EXERCISE INSTRUCTIONS:
Pictures aside, repeat every entry exactly.

INPUT DATA: Begin

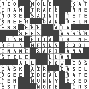 ACROSS 1. River (Sp.) 4. Undercover agent 8. Krazy ___ of comics 11. SW Asia republic 13. Barter 15. Compass dir. 16. Characteristic smell of wine 17. Virtuous person 18. False hair 19. Contemptuous expression 21. Daniel's nick name 22. It's straight from the horse's mouth 23. Curvy letter 24. Supplement with great effort 27. "One Day ___ Time" 29. Observes 30. Indian state 34. The 23rd letter of the Hebrew alphabet 36. Singer James 39. One or ones belonging to thee 40. Actor Lugosi 41. Congenital growth or mark on the skin 43. Calm and collected 44. Empty; void 46. Indian skirt 47. Santa ___, CA 48. Vertical member of a panel or frame 49. ____ Bator, Mongolia 51. 100% 53. Cut the grass 54. Begley and Asner 57. Keg 60. Atmosphere 63. Artist's stand 65. Double curve, resembling the letter S 66. Perfect 69. Nathan's nickname 70. Nine, plus one 71. Pet term 72. Made supply last 73. Eastern Standard Time (abbr.) 74. Thickened enlargement 75. Big collection agency DOWN 1. Wash lightly 2. Metal shackles 3. Fertile tracts in a desert 4. Mountains (abbr.) 5. Mouth or opening 6. Put down 7. Pulitzer Prize-winning author Ferber 8. Leg joint 9. Opposed to 10. Adolescent 12. Born 14. Inactive volcano in Sicily 18. File 13 20. To sift 25. Peachy ____! 26. _____ Park, CO 28. Make lace 29. Tchaikovsky ballet 31. The Jewish people; Israel 32. Small Philippine buffalo 33. Cartoonist voice _ Blanc 34. Portable shelter 35. Mountain range southwest of Kyrgyzstan 37. Federal power corp. 38. Gold (Symbol: Au) 40. Altar cloth linen 42. Grain storage tower 45. Snakelike fish 50. Deep reverence 52. (Had) reclined 54. 1973 Nobel Price Winner (Physics) Leo 55. Prevent from occurring 56. Bobsleighs 57. ____ d'Azur (French Riviera) 58. Ripens 59. Transmitted 61. Goddess of spring and wife of Bragi 62. Former U.S. Attorney General Janet 64. A saturated hydrocarbon 67. Added to 68. Sodium hydroxide
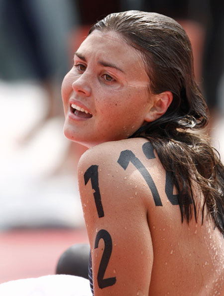 Larisa Ilchenko of Russia celebrates after winning the women's marathon 10km swimming competition at the Beijing 2008 Olympic Games August 20, 2008.[Agencies]
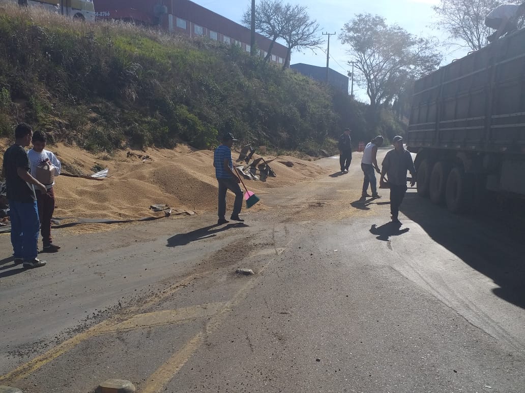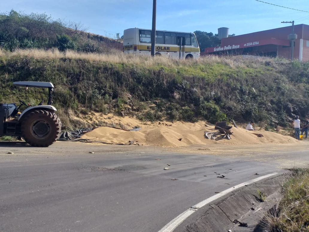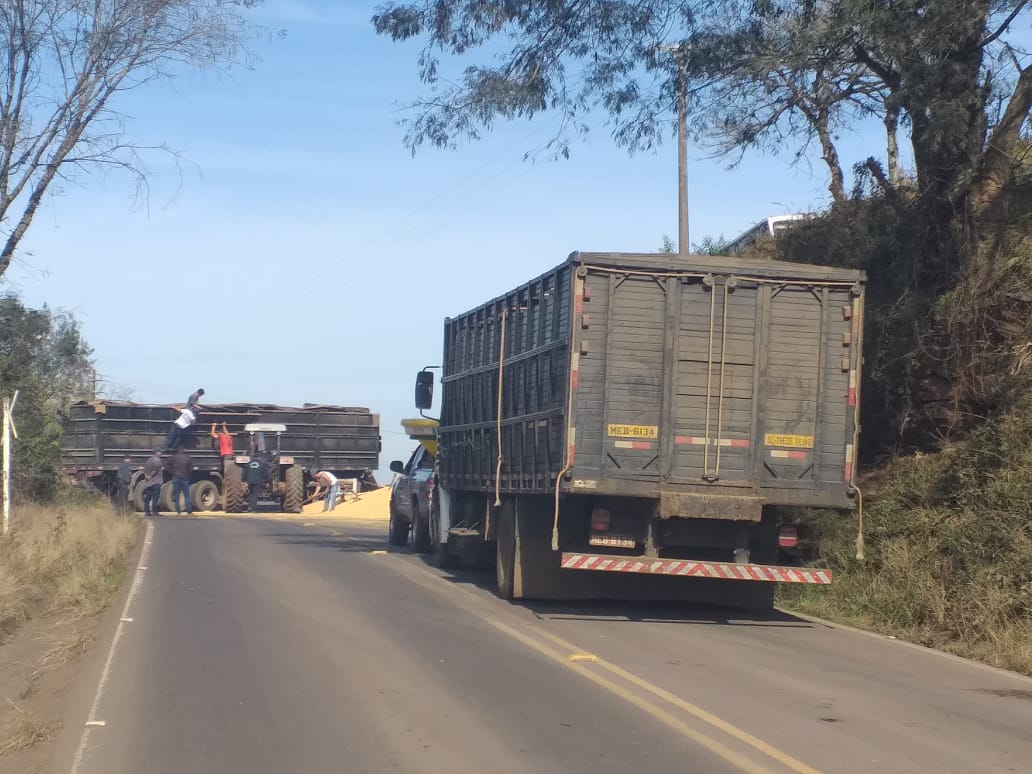 Uma carreta carregada com soja tombou na noite desta quarta-feira (10) no acesso Egídio Pozobon em Herval D’Oeste. A carga ficou espalhada pela pista. O acidente aconteceu próximo da BR-282. O trânsito foi interrompido no final da manhã para que a carga fosse removida da pista com uso de uma máquina carregadeira. O trânsito no local ficou interditado por cerca de 2h. A carreta foi retirada ainda no dia de ontem.
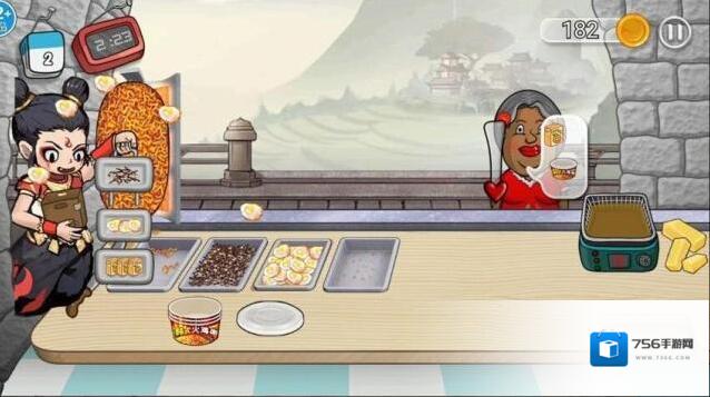 2、面对排队顾客,观察其订单要求,从食材区选取对应配料快速完成制作交付。
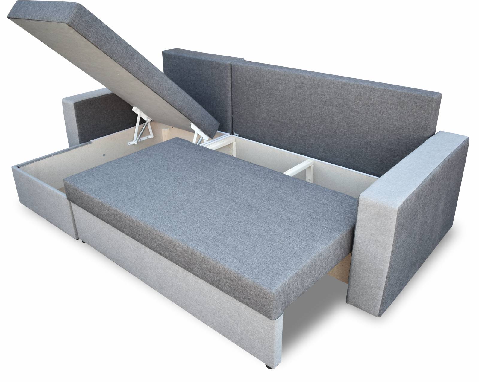 Po rozložení rohové sedací soupravy máte k dispozici plnohodnotné lůžko a až dva kontejnery pro uložení lůžkovin. Kvalitní zpracování rohové pohovky je patrné v každém detailu. Od oboustranných polštářů, které vám dávají možnost měnit barvu rohové pohovky, až po pevné automatické pružiny, které usnadňují rozkládání a skládání nábytku.
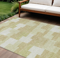 9' X 12' Beige Ivory And Brown Geometric Washable Indoor Outdoor Area Rug
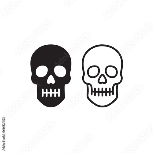 Pair of Skulls Black and Outline Vector
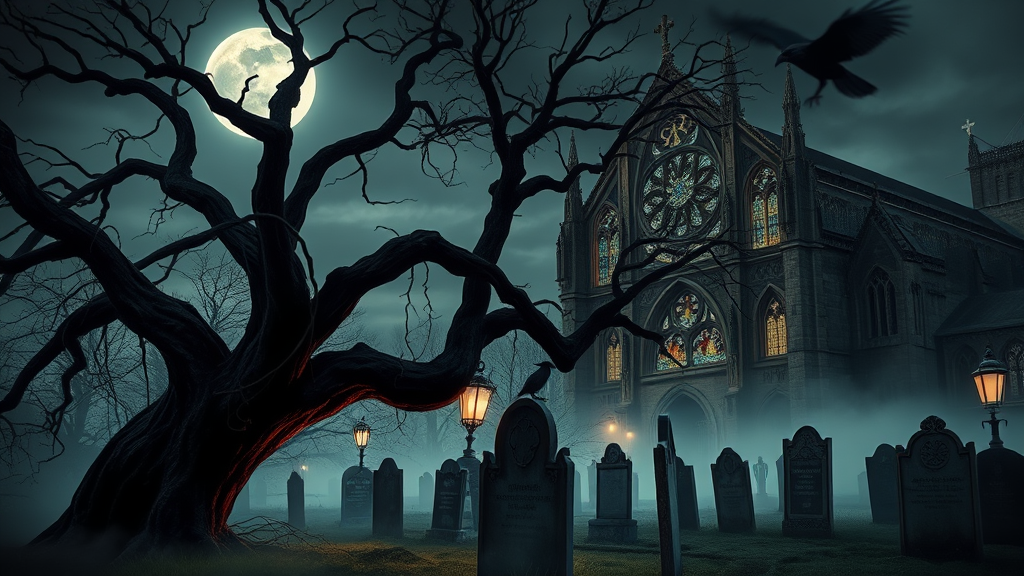 A chilling, moonlit night scene featuring an ancient, gnarled tree with twisted branches reaching out like skeletal hands. Shadows stretch across a fog-laden graveyard, where dilapidated tombstones and flickering lanterns cast eerie, flickering light. In the background, a crumbling Gothic cathedral looms, its stained glass windows glowing ominously. A solitary raven perches atop a tombstone, its eyes gleaming with an otherworldly intelligence. wisps of mist weave through the scene, adding an air of mystery and suspense.
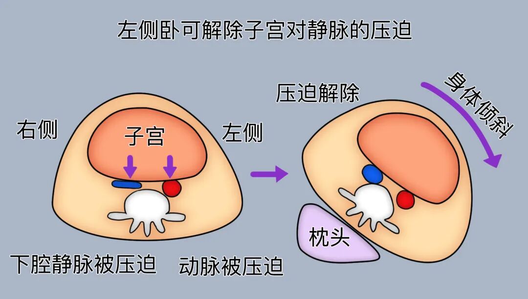 当妈妈向左侧躺卧时,重力作用使沉重的子宫自然偏向左侧,就能减轻对下腔静脉的压迫。
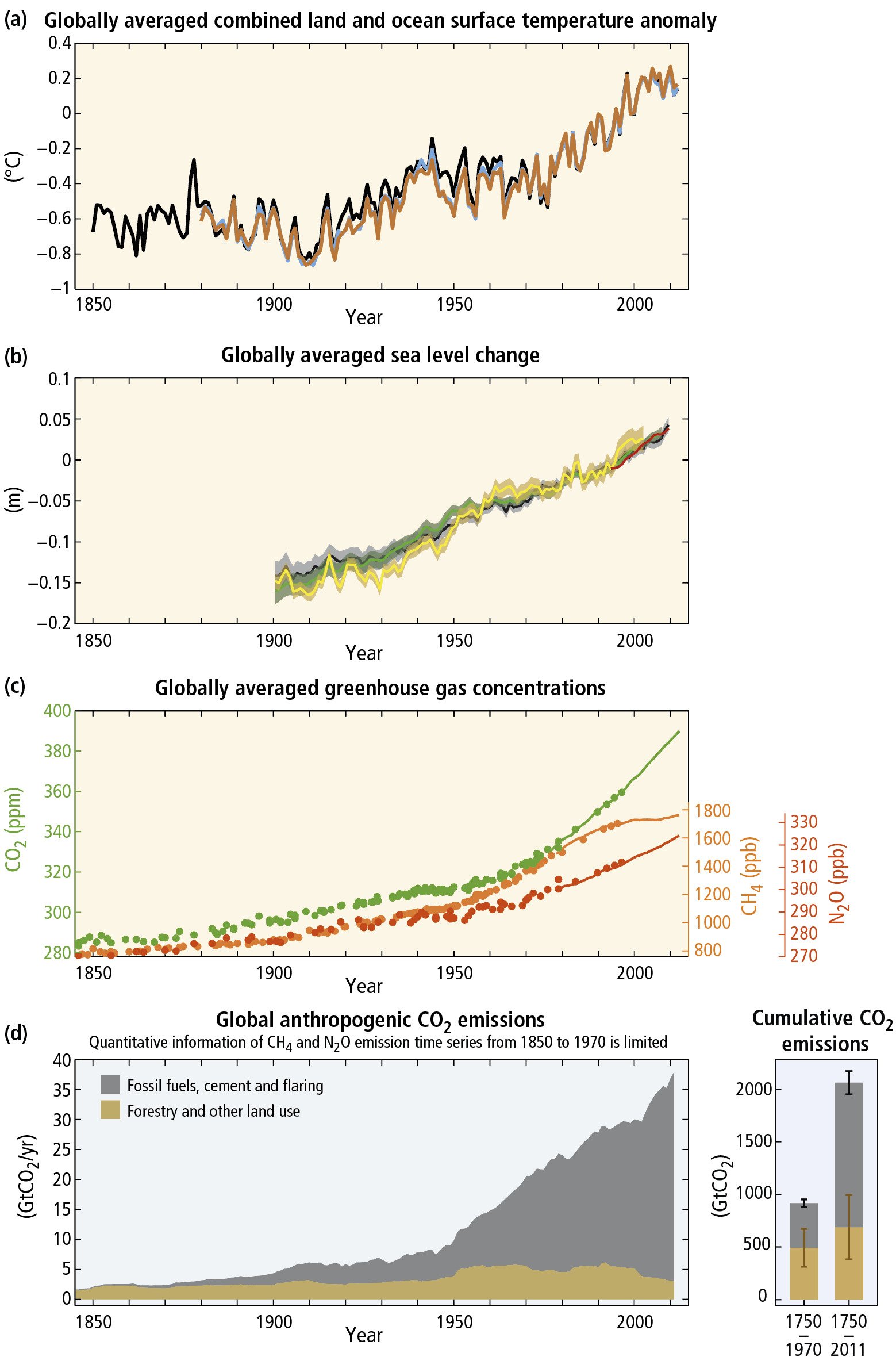 In their 5th Synthesis Report, the IPCC concludes that it is extremely likely that more than half of the observed increase in global average surface temperature from 1951 to 2010 was caused by

INPUT DATA: End

RESPONSE BOX:
 ACROSS 1. River (Sp.) 4. Undercover agent 8. Krazy ___ of comics 11. SW Asia republic 13. Barter 15. Compass dir. 16. Characteristic smell of wine 17. Virtuous person 18. False hair 19. Contemptuous expression 21. Daniel's nick name 22. It's straight from the horse's mouth 23. Curvy letter 24. Supplement with great effort 27. "One Day ___ Time" 29. Observes 30. Indian state 34. The 23rd letter of the Hebrew alphabet 36. Singer James 39. One or ones belonging to thee 40. Actor Lugosi 41. Congenital growth or mark on the skin 43. Calm and collected 44. Empty; void 46. Indian skirt 47. Santa ___, CA 48. Vertical member of a panel or frame 49. ____ Bator, Mongolia 51. 100% 53. Cut the grass 54. Begley and Asner 57. Keg 60. Atmosphere 63. Artist's stand 65. Double curve, resembling the letter S 66. Perfect 69. Nathan's nickname 70. Nine, plus one 71. Pet term 72. Made supply last 73. Eastern Standard Time (abbr.) 74. Thickened enlargement 75. Big collection agency DOWN 1. Wash lightly 2. Metal shackles 3. Fertile tracts in a desert 4. Mountains (abbr.) 5. Mouth or opening 6. Put down 7. Pulitzer Prize-winning author Ferber 8. Leg joint 9. Opposed to 10. Adolescent 12. Born 14. Inactive volcano in Sicily 18. File 13 20. To sift 25. Peachy ____! 26. _____ Park, CO 28. Make lace 29. Tchaikovsky ballet 31. The Jewish people; Israel 32. Small Philippine buffalo 33. Cartoonist voice _ Blanc 34. Portable shelter 35. Mountain range southwest of Kyrgyzstan 37. Federal power corp. 38. Gold (Symbol: Au) 40. Altar cloth linen 42. Grain storage tower 45. Snakelike fish 50. Deep reverence 52. (Had) reclined 54. 1973 Nobel Price Winner (Physics) Leo 55. Prevent from occurring 56. Bobsleighs 57. ____ d'Azur (French Riviera) 58. Ripens 59. Transmitted 61. Goddess of spring and wife of Bragi 62. Former U.S. Attorney General Janet 64. A saturated hydrocarbon 67. Added to 68. Sodium hydroxide
 Larisa Ilchenko of Russia celebrates after winning the women's marathon 10km swimming competition at the Beijing 2008 Olympic Games August 20, 2008.[Agencies]
 Uma carreta carregada com soja tombou na noite desta quarta-feira (10) no acesso Egídio Pozobon em Herval D’Oeste. A carga ficou espalhada pela pista. O acidente aconteceu próximo da BR-282. O trânsito foi interrompido no final da manhã para que a carga fosse removida da pista com uso de uma máquina carregadeira. O trânsito no local ficou interditado por cerca de 2h. A carreta foi retirada ainda no dia de ontem.
 2、面对排队顾客,观察其订单要求,从食材区选取对应配料快速完成制作交付。
 Po rozložení rohové sedací soupravy máte k dispozici plnohodnotné lůžko a až dva kontejnery pro uložení lůžkovin. Kvalitní zpracování rohové pohovky je patrné v každém detailu. Od oboustranných polštářů, které vám dávají možnost měnit barvu rohové pohovky, až po pevné automatické pružiny, které usnadňují rozkládání a skládání nábytku.
 9' X 12' Beige Ivory And Brown Geometric Washable Indoor Outdoor Area Rug
 Pair of Skulls Black and Outline Vector
 A chilling, moonlit night scene featuring an ancient, gnarled tree with twisted branches reaching out like skeletal hands. Shadows stretch across a fog-laden graveyard, where dilapidated tombstones and flickering lanterns cast eerie, flickering light. In the background, a crumbling Gothic cathedral looms, its stained glass windows glowing ominously. A solitary raven perches atop a tombstone, its eyes gleaming with an otherworldly intelligence. wisps of mist weave through the scene, adding an air of mystery and suspense.
 当妈妈向左侧躺卧时,重力作用使沉重的子宫自然偏向左侧,就能减轻对下腔静脉的压迫。
 In their 5th Synthesis Report, the IPCC concludes that it is extremely likely that more than half of the observed increase in global average surface temperature from 1951 to 2010 was caused by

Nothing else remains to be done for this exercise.